第6波のピーク時に約23万人を想定する自宅・宿泊療養者全員に対し、陽性判明の当日か翌日に保健所や地域の医師などが連絡を取るようにします。宿泊療養施設は今夏の3割増の6万1000室を用意。重症化の兆候をつかむパルスオキシメーターを約69万個確保し、全自宅療養者に配布できるようにします。

医療人材確保にも力を入れます。患者を受け入れ可能と申告しながら実際には受け入れない“幽霊病床”対策では、医療機関別の病床使用率を12月から毎月公表します。

「ワクチン接種の促進」では、追加となる3回目を希望者全員が無料で受けられる体制を整備し、12月から接種をスタートします。来年分(3億2000万回)の供給契約は締結済みです。

「治療薬の確保」では、国産経口薬(飲み薬)を含む治療薬の開発を後押しするため、1種類当たり最大約20億円を支援。年内実用化をめざす飲み薬は来年3月末までに約60万回分を確保する予定です。中期的には、さらに約100万回分の確保に取り組みます。軽症・中等症患者らへの抗体カクテル療法に用いる中和抗体薬は、来年初頭までに約50万回分確保します。

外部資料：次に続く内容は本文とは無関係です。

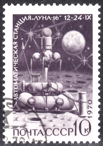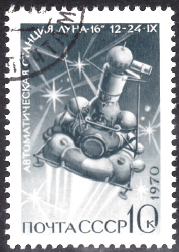 Auf dieser Marke der DDR (MiNr 1638) ist auch Luna 16 zu sehen.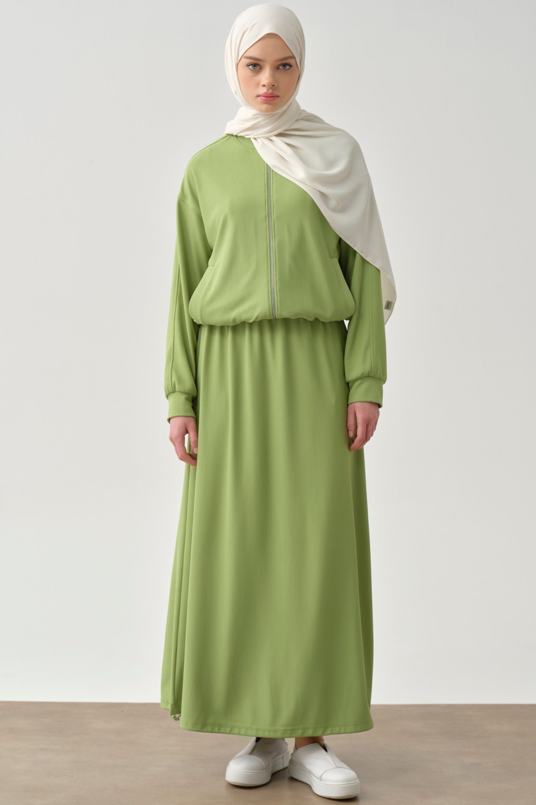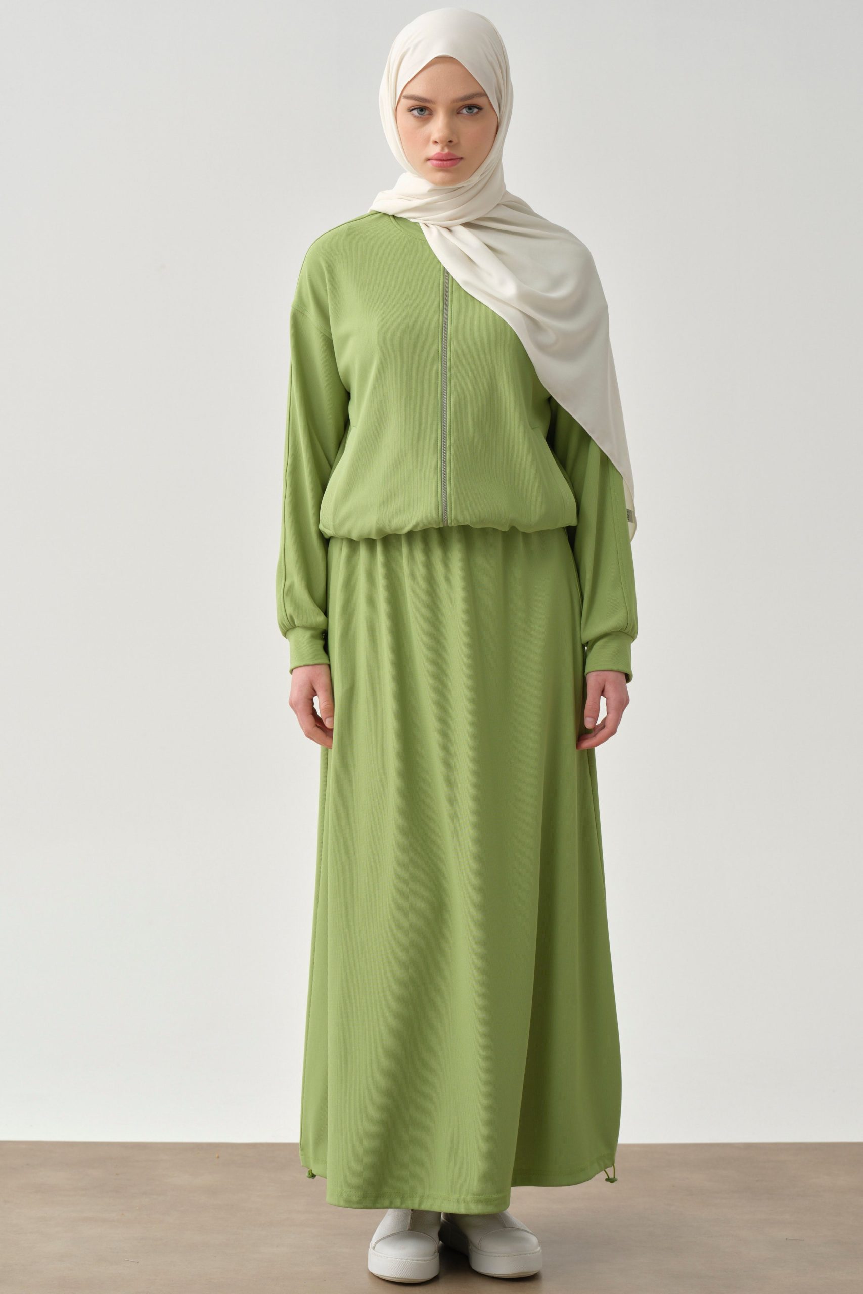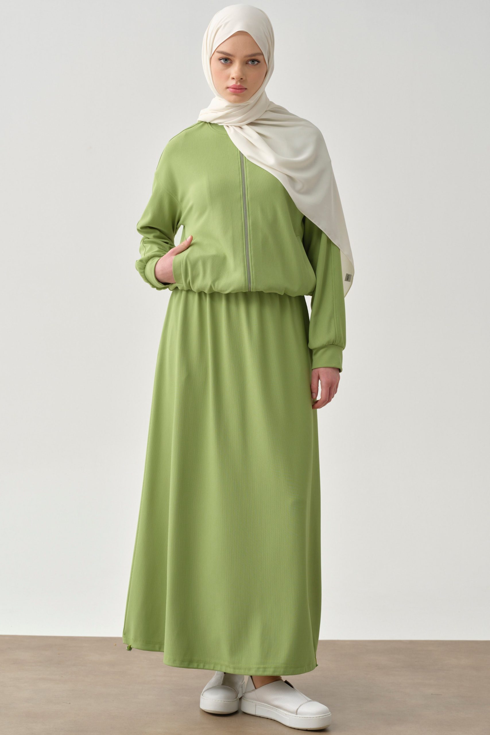 تنورة محبوكة بخصر مطاطي وجيوب خفية – أخضر فستقي

「日常生活の回復」に当たっては、ワクチン接種に加え、PCR検査などによる確認が感染リスク引き下げに有効です。健康上の理由などで接種を受けられない人が経済社会活動を行う際の検査を来年3月末まで予約不要、無料でできるよう支援します。感染拡大時には、都道府県の判断で感染の不安がある無症状者にも無料で検査ができるようにします。

ワクチン接種証明書を年内にデジタル化し、国内利用を可能にします。

党新型コロナ感染症対策本部長 石井幹事長に聞く

党新型コロナ感染症対策本部長 石井幹事長

公明の主張反映、確実な実行を

――全体像の評価は。

この夏の第5波の最大の課題は、医療施設や宿泊療養施設に入れず、自宅での療養や待機を余儀なくされた人がたくさんいたことでした。最前線で対応に当たる保健所も手いっぱいとなり、陽性が判明した人への連絡に数日かかるケースもありました。

“このような事態を二度と招いてはならない”との反省から取りまとめられたのが今回の全体像です。例えば、病床確保では、ワクチンの接種が進んだことも考慮し、今夏と比べて3割増となる約3万7000人が入院できる体制を今月中に構築するとしています。

こうした裏付けとしての数値を対策に盛り込みながら、今後、感染力が今夏の2倍になっても国民の命と健康をどう守っていくのか、全体としてあらかじめ示した点は評価できます。公明党が政府への提言や衆院選で訴えてきた主張もほぼ反映されています。

――具体的には。

入院を必要とする人を確実に受け入れる病床の確保と、それを支える医療人材の確保にしっかり取り組むことが明記されました。

陽性が判明した人への連絡も、当日、遅くとも翌日には行い、健康観察や診察をきちんとやっていくことになりました。パルスオキシメーターも全ての自宅療養者に配布していきます。

一方、12月から始まる3回目のワクチン接種では、国会での公明党の無料化提案を受け、既に岸田文雄首相が「全額公費負担で行う」と明言し、全体像にも改めて明記されました。

対策の切り札となる飲み薬などの開発と実用化の支援も強く訴えてきました。検査の拡大として、健康上の理由などでワクチン接種を受けられない人への検査費用の無料化や感染拡大時の対応を求め、全体像に盛り込むことができました。

――今後の決意を。

何より重要なのは、まずは一つ一つの対策を確実に実行していくことです。公明党として進捗状況を丁寧に把握していくとともに、必要に応じて政府に要請していきます。“第6波”への備えに万全を期していきます。